Since 2019, 36 textile factories in the Southeast
Asian country have shut down their operations, while 31 others have undertaken massive lay-offs, South China Morning Post quoted Indonesia’s Nusantara Trade Union Confederation as saying.
This year, around 49,000
workers in the textile, garment and footwear sectors have been laid off in Indonesia as factories have pulled down the shutters in provinces of West Java, Central Java and Banten, Nikkei Asia said.
This year, between January and May, Sritex laid-off 3,000 workers, or 23% of its total workforce, South China Morning Post said.

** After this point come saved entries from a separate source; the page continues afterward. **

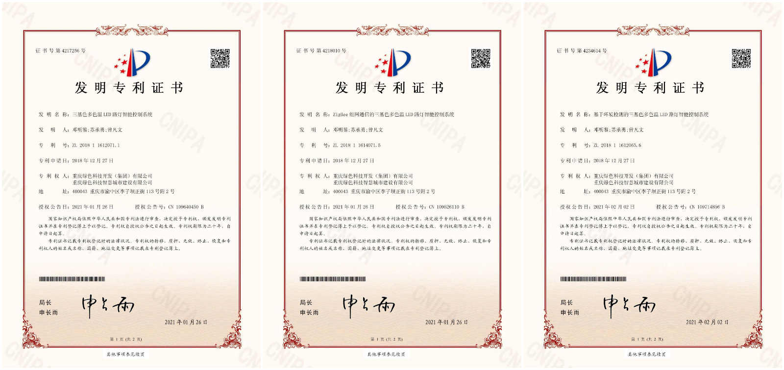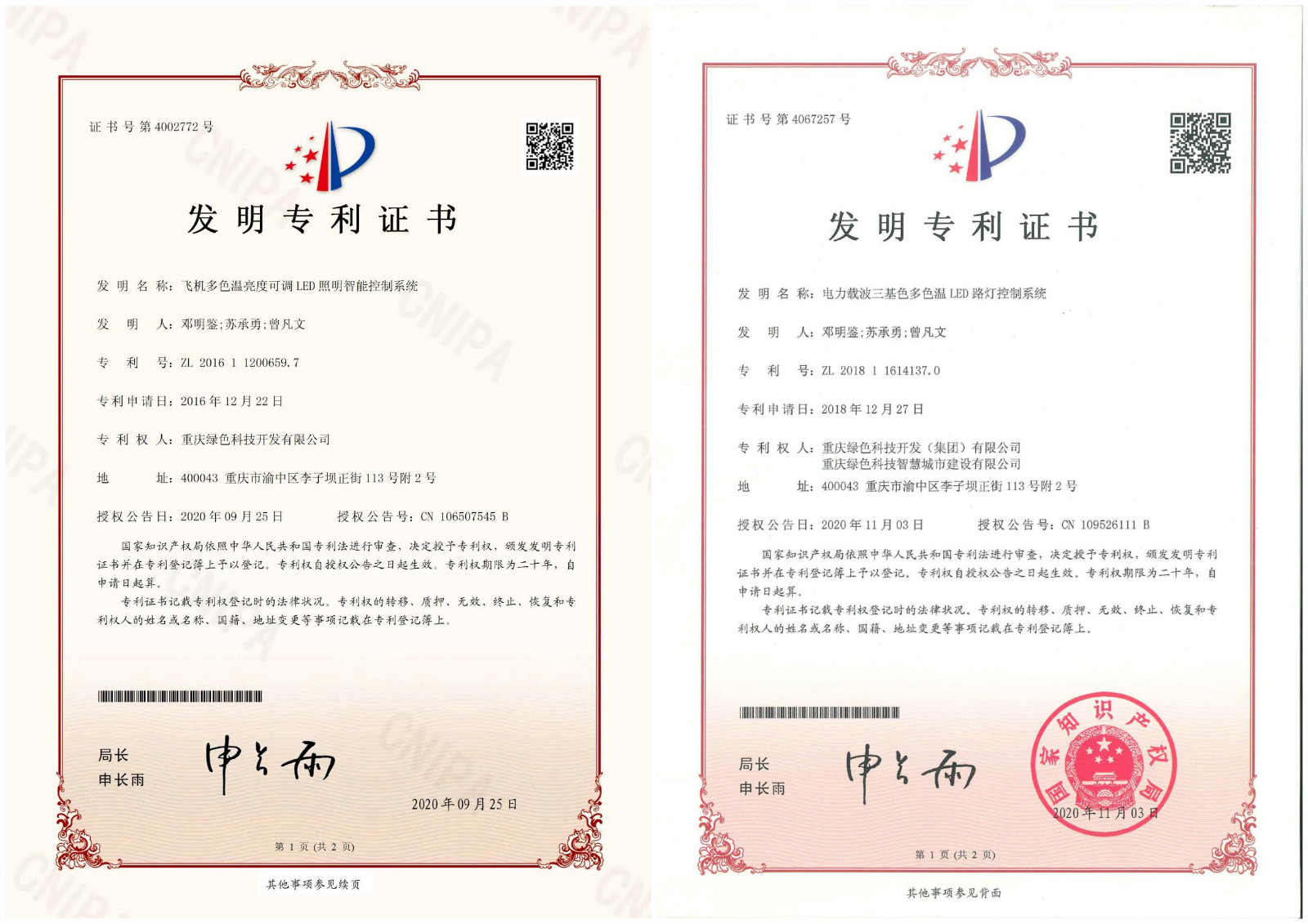 近日,作为国家高新技术企业之一的侨资企业——重庆绿色科技开发(集团)有限公司喜获5件国家发明专利:《飞机多色温亮度可调LED照明智能控制系统》《电力载波三基色多色温LED路灯控制系统》《三基色多色温LED路灯智能控制系统》《ZigBee组网通信的三基色多色温LED路灯智能控制系统》《基于环境检测的三基色多色温LED路灯智能控制系统》。
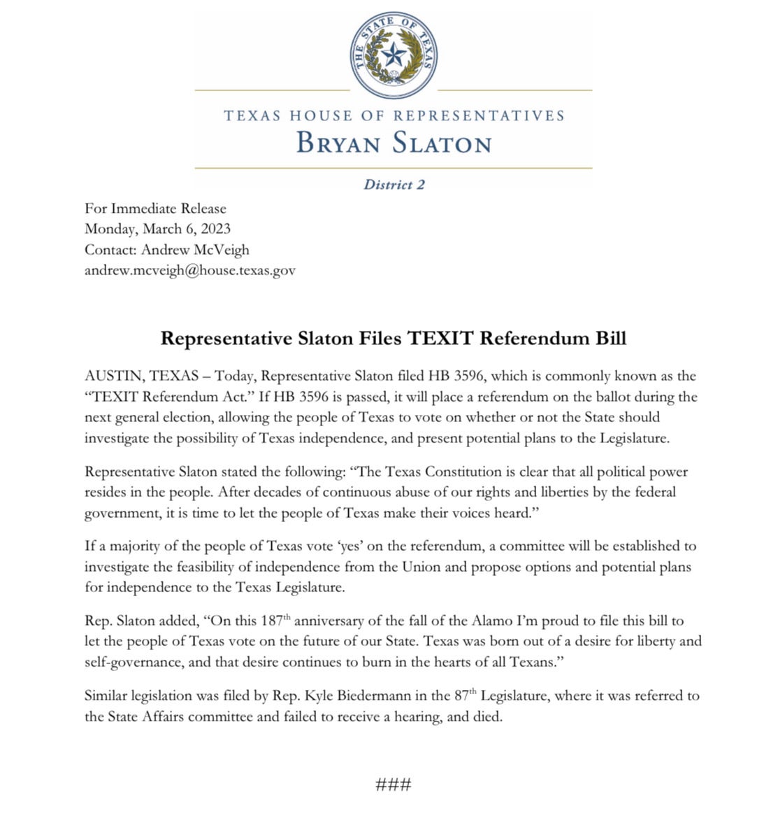 Republican Texas State Representative Bryan Slaton introduced a bill Monday to allow Texans to vote on whether the Lone Star State should secede from the United States.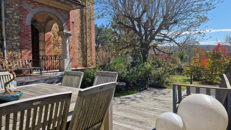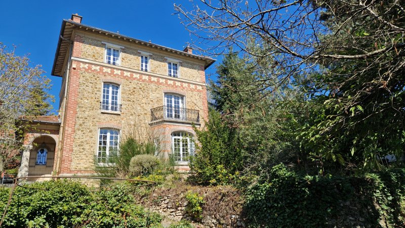 Proche RER. Plein sud. Demeure de charme de la fin du 19ème siècle de 230 m2 habitables édifiée sur cave et comprenant : Au rez-de-chaussée : entrée, cuisine équipée ouvrant sur terrasse, salle à manger, salon, salon tv et wc. Au premier niveau : deux chambres (16 et 21 m2) dont une avec sa salle d'eau privative, salle de bains et wc. Au deuxième niveau : trois chambres, deux salles d'eau, dressing et wc. Parquet. Cheminées. Maison annexe disposant de deux chambres, cuisine équipée, salle d'eau et wc. Un garage et un abri de jardin complètent l'ensemble. Le tout sur 1277 m2 de terrain.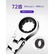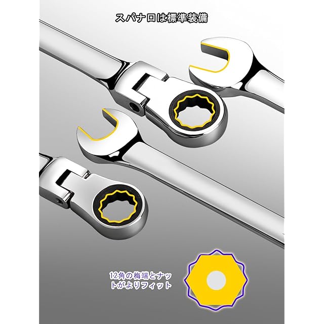 【自由な角度調整】独特の首振りデザインにより、レンチのヘッドは0~180°の範囲で柔軟に調整できます。これにより狭いスペースの障害物を回避し、十分な握りスペースを確保できます。72歯のデザインと組み合わせることで、ナットをしっかりと掴むことができ、またレンチのヘッドには回転方向を示す矢印があり、使い勝手が向上します。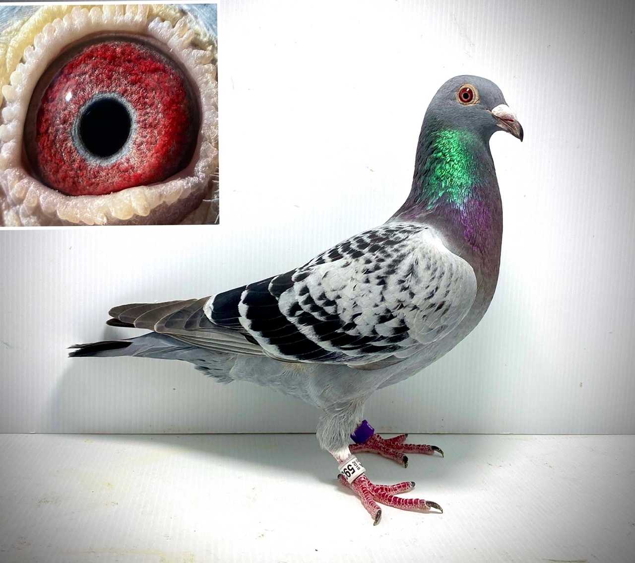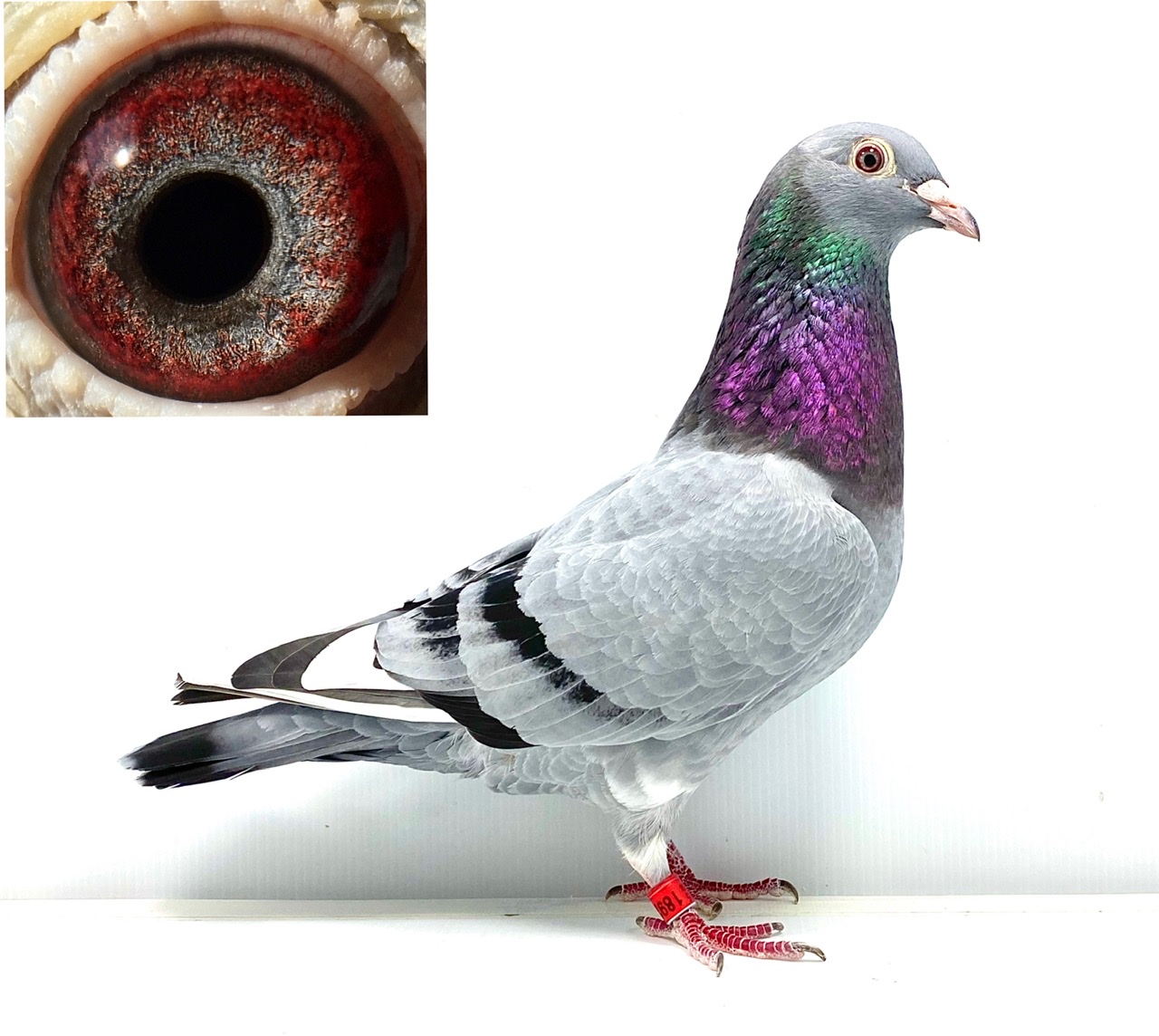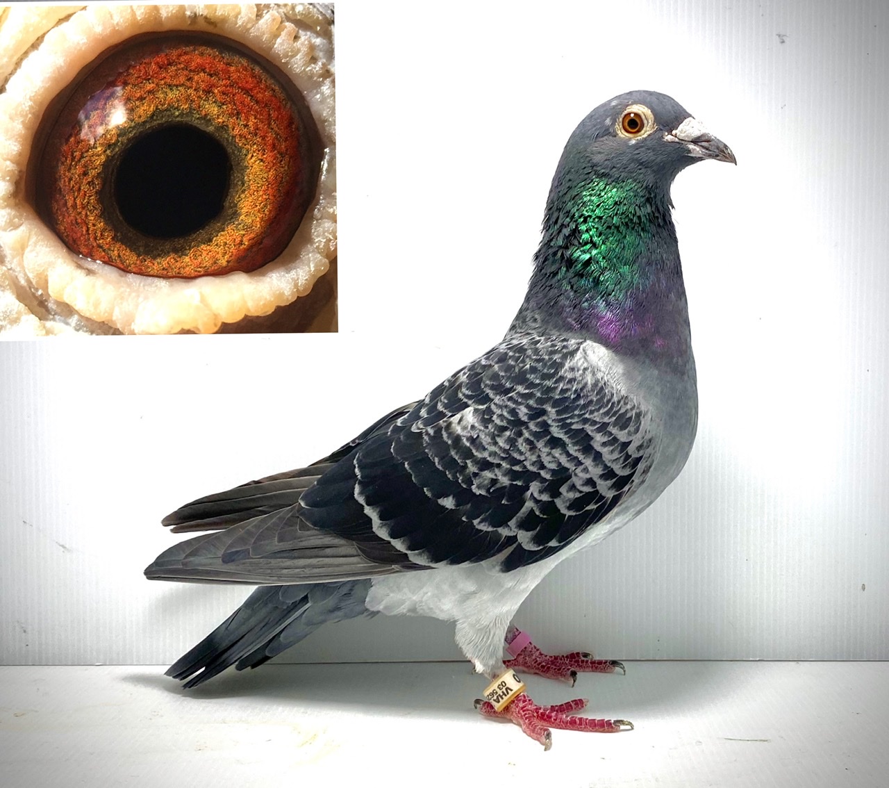 石板白条雌购回后第一次做育参赛,联合会457公里25名区域组亚军,俱乐部冠军分速836米/分,比赛日天气恶劣阴雨大风。胡本艺术家X福洛恩格斯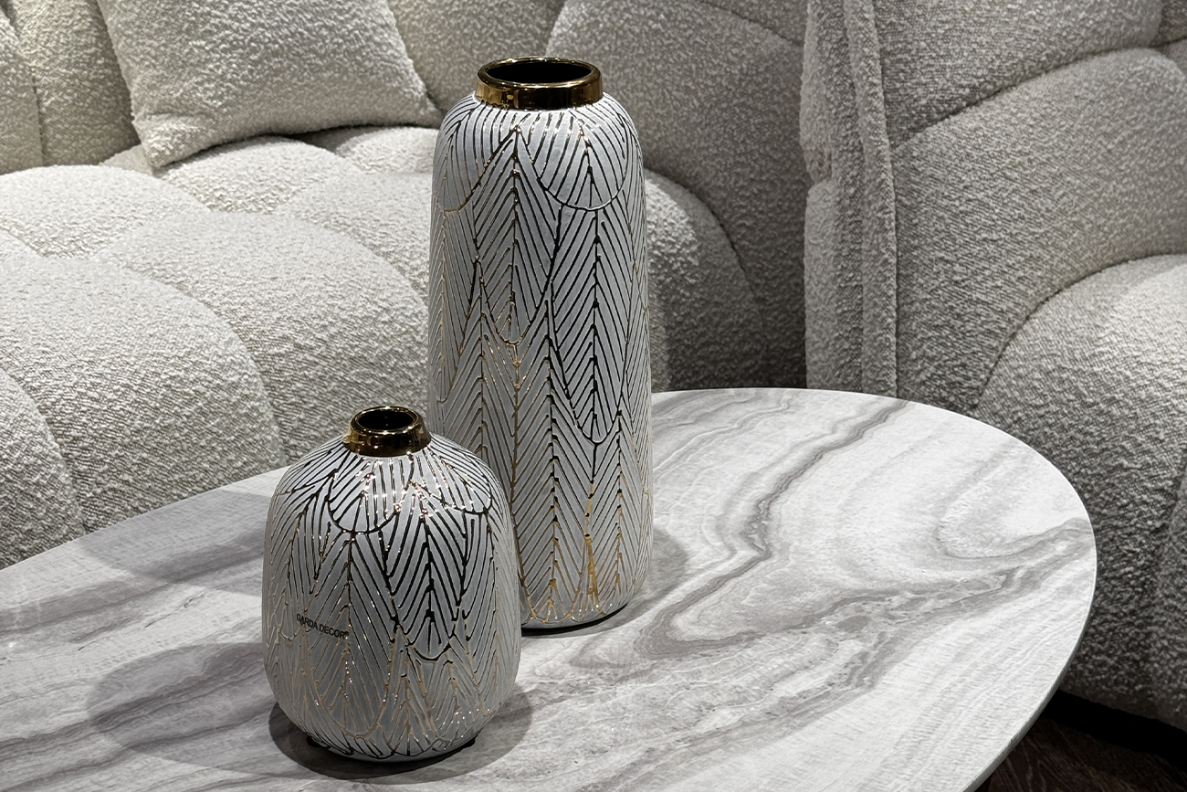 18H2861-20 Ваза керамическая с золотым принтом d15*20см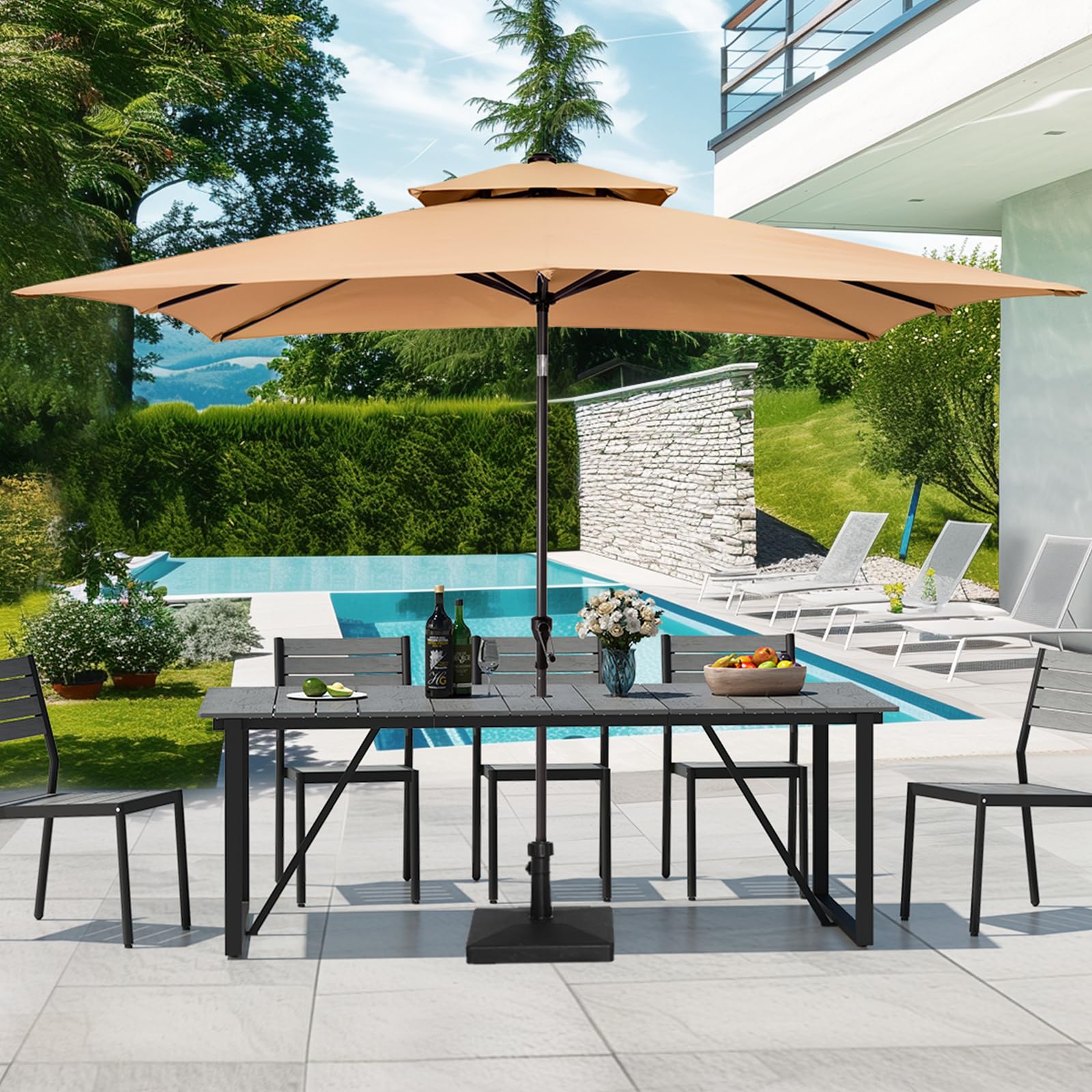 - All-Weather Material: The lightweight yet high-strength aluminum frame ensures stability, while the tabletop are crafted with anti-scratch and weather-resistant wood-like material, ensuring durability in various weather conditions - a patio table that defies the seasons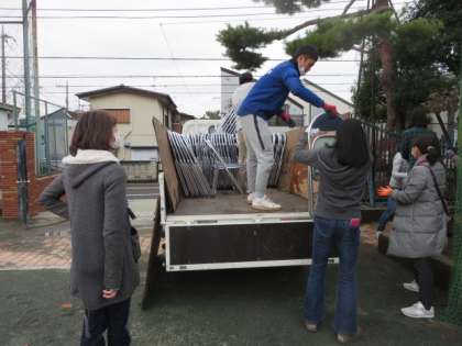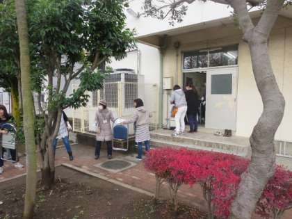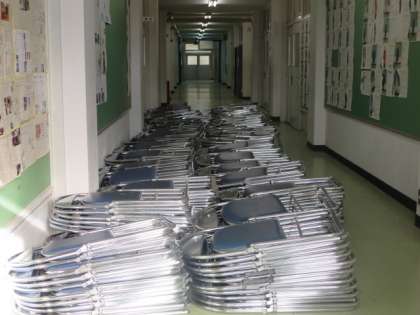世小P4ブロック合同研修会(経堂小会場)の講演会が11月29日に行われましたが、緑丘中学校からパイプ椅子を350脚お貸ししました。経堂小学校のPTAの方がパイプ椅子を運んでいる様子です。パイプ椅子を2階の体育館から1階に運んでくれたのは、バスケットボール部の生徒たち、1階から2階の体育館に戻してくれたのはバドミントン部の生徒たちです。生徒たちは頑張ってくれました。
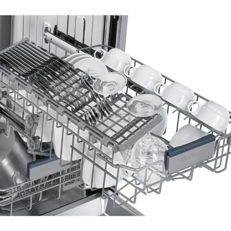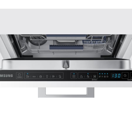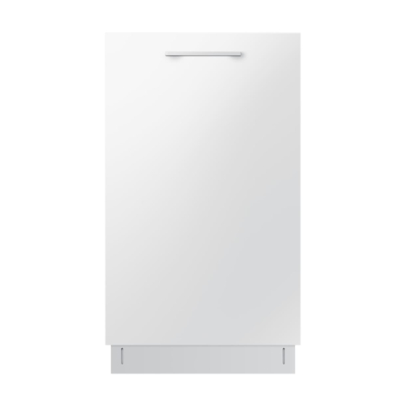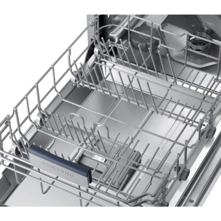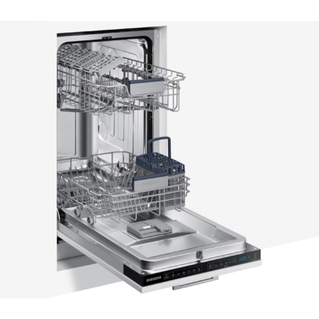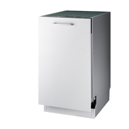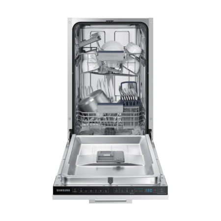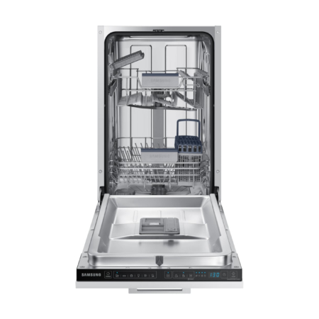 Samsung DW50R4040BB. Apparaatplaatsing: Volledig ingebouwd, Productafmeting: Slimline (45 cm), Kleur bedieningspaneel: Zwart. Aantal couverts: 9 couverts, Geluidsemissieklasse: C, Geluidsniveau: 46 dB. Voetenverstelling: 5 cm. Energie-efficiëntieklasse: F, Waterconsumptie per cyclus: 9,5 l, Energieverbruik per 100 cycli: 78 kWu. Breedte: 450 mm, Diepte: 550 mm, Hoogte: 815 mm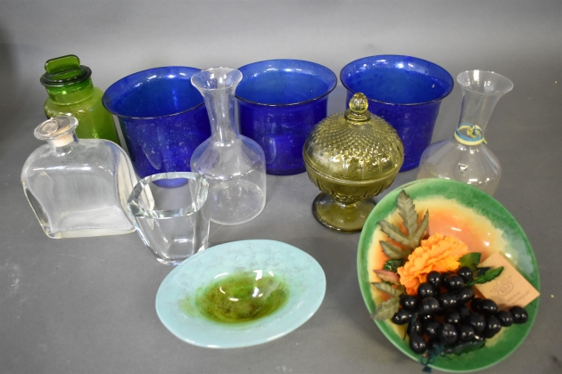 15541. Parti glas, bl.a skålar, blått glas, karaffer Orrefors högsta 23 cm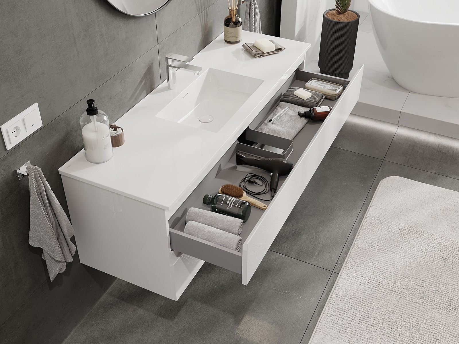 Η εγκοπή στο συρτάρι είναι σχεδιασμένη με τέτοιο τρόπο, ώστε να φιλοξενεί το σιφόνι, το οποίο είναι απαραίτητο στις εγκαταστάσεις νιπτήρων. Έτσι, το έπιπλο μπορεί να εγκατασταθεί πλήρως λειτουργικά, χωρίς την ανάγκη παραίτησης από χώρο στο συρτάρι υπέρ της εγκατάστασης.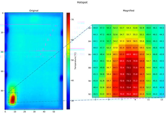 Solar PV panel labeled Hotspot effect: Original and magnified region of 2D radiometric datapoints—temperature intensity matrix [°C] (jet colormap as pseudo-color applied for visual depiction).

Malaysia, which has a close trade relation with China, with total trade between the two countries last year reaching 450.84 billion ringgit ($98.90 billion), imposed a 10% tariff on imported goods bought online from China under 500 ringgit ($108) in January 2024.
To protect small-and medium-sized enterprises from unfair trade practices of China, Malaysia’s Trade Ministry plans to present anti-dumping legislation to the parliament next year, considering cheap Chinese products that hurt local businesses.
Even as these South Asian countries, which are part of the ASEAN, are doing what they can do to provide relief to their domestic retaliators and manufacturers from flooding of discounted Chinese products in their markets, Thailand is worried about widening trade deficit with China.
A glut of cheap Chinese goods—from apparel to electronic devices to vegetables and steel and aluminium in Thailand has seen Bangkok’s trade deficit with Beijing rise to a record $36.6 billion in 2023, up from $29.2 billion in 2021, said the
Thai Ministry of Commerce.
In July this year, Thailand decided to slap a 7% tariff on import of Chinese goods valued at less than 1,500 baht ($42). Yet what worries Thai businessmen the most is Chinese entrepreneurs’ ability to flood their cheap products in the Southeast Asian country’s market.
Armed with technology and the best mode of production systems, Chinese entrepreneurs engage in mass-scale manufacturing of apparel, footwear, cosmetic products, electronic goods, and other goods and transport them to emerging markets of Southeast Asia
and the world.
E-commerce platforms like Alibaba-backed Lazada and ByteDance’s TikTok have also worked well with Chinese exporters’ strategy to lure Southeast Asian customers towards their cheap goods.